Ignoring unauthorised use, we're in South America, NOT Africa.

But try telling background that.


Elephants and ostriches are native to Africa, and kangaroos run riot in Australia.

HILARIOUS.

Spark Man (1989)

Crazy run-and-gun thing is essentially Green Beret.

For some reason, God's hand (from Michelangelo's The Creation of Adam) scratches nose of metal plated female.
Exactly what you'd expect.

So apart from name, what else do we know about titular hero?

Natinality: R.O.K
Father: Electroman
Mother: Fire Lady
Sex: ♀️ ♂️
Okay, male glyph's arrow should be pointing diagonally right, but confirmation that protagonist is a hermaphrodite is possibly a video game first.

AT-ST Walker and Jabba the Hutt


Wait a Jedi, legs and feet of giant slug's walking platform look familiar.

Strider (Arcade)
Ouroboros is born by the merging of 24 Kazakh officers.
As game progresses, face bears all (albeit with different colour palette).

It's only one of Hajime Sorayama's Gynoids.


Shit doesn't end there.

Madonna album True Blue randomly crops up.


WHY?

For fifth boss encounter, game suddenly turns into Cabal.
Scenario is repeated in Stage 8.

Best of Best (1994)

Trust me, this game is horrific and 'unmanly'.

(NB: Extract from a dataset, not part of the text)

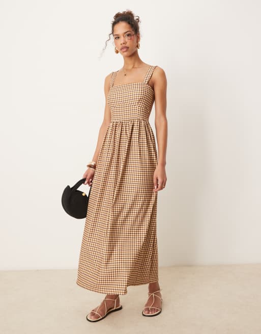ASOS DESIGN - Cami-midikjole med brune gingham-tern i bengalin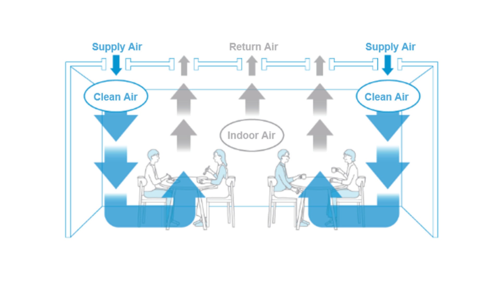 - Daikin's unique ‘ceiling-supplied displacement ventilation air conditioning’.

Dragon: The Bruce Lee Story


Arnold Schwarzenegger with blue hair.
Mind. Blown.

Home Alone 2: Lost in New York (in animated form).


It's so fucking wacky - it's brilliant.

Each character ripped off something, and I've selected the worst.

Alli vs Todo (Art of Fighting)


Hawk vs Muscle Power (World Heroes) and Hulk Hogan


The following are literally modelled on Sorayama girls.

Shalin vs Pin-up 56


Silver-haired temptress isn't playable and copies Pin-up 11.


Remember this.  Never forget this.

The battle is not always to the strong.

Ultra Balloon (1996)

This game is off its FUCKING ROCKER.

Buck-toothed baby bouncing on a ball inside tropical aquarium means absolutely nothing.
Let's do this.

One summer night, as a cloud of mystery hung low over the Robinson household.
Uniqud things were happening in the baby's room.
The usally peaceful realm of the toy world was about to be shattered....
Does story head in a logical direction?

I think you already know the answer.

In space (where nobody will hear you scream), a demented bimbo pops up behind a jolly giant (who may or not be her father).
Happiness turns to terror, as a huge blue demon kidnaps the princess.
Infant rolls up rescuing sleeves.
Well you'd think so, but we don't actually play him.

Instead.

Vicious drug trip puts us in control of bubble blowing Parodius-like penguins.
Who can also fart.
I have no words.

And yeah, it's the most bizarre Bubble Bobble clone in existence.

Miscellany

Time bonus is a bucket of 'UFO'.
It's finger lickin' fucked up.

I'm not even sure why this happens, but whatever.

Head vs Dracula's final form (Vampire Killer)


Come on guys, tell me I'm wrong?

During sixth stage, check out cuddly teddy.

Generic plush or Simba as a young cub?
Seriously?
Hey asshole, you can hardly talk.

Pardon?

Err, Kimba the White Lion?

(Sheepish smile).

Exactly.

Bosses

Story 1
A female 'bottom' vomiting eyeballs gets a thumbs up from me. 
Story 2
Loch Ness-esque dragon is relatively normal.

Booooo!!!!!
Story 3
Cat creature with diving mask displaying 'Clone' is either a sick joke or intentional irony.
If you want the rainbow, you've got to put up with the rain.

Do you know which philosopher said that?

Dolly Parton.  And people say she's just a big pair of tits.

Which brings me to:

Can't give a specific example, but lady in question appears to be lifted from the works of Satoshi Urushihara.
Story 4
Neck shy toadstool freak is wearing harem pants.
HA HA HA!

Story 5 is another sprite 'alteration'.

Pterodactyl vs Diet Go Go (Arcade)


Story 6
Man-eating plant emerges from Jack-in-the-box.
Story 7
Forget about GoinDol cavemen, it's all about Gundam.
End boss is an embarrassment.
But surely epic battle with antagonist compensates?

No.  He just explodes.
What a fucking cop out.

Well, finally you have saved the princess and found the peace for the Toy Kingdom.
Now, the Toy Kingdom in Robin's household is back to the way which it used to be...
Congratulations !!!
Need a drink?

Don't blame yer', but me first (you bastards).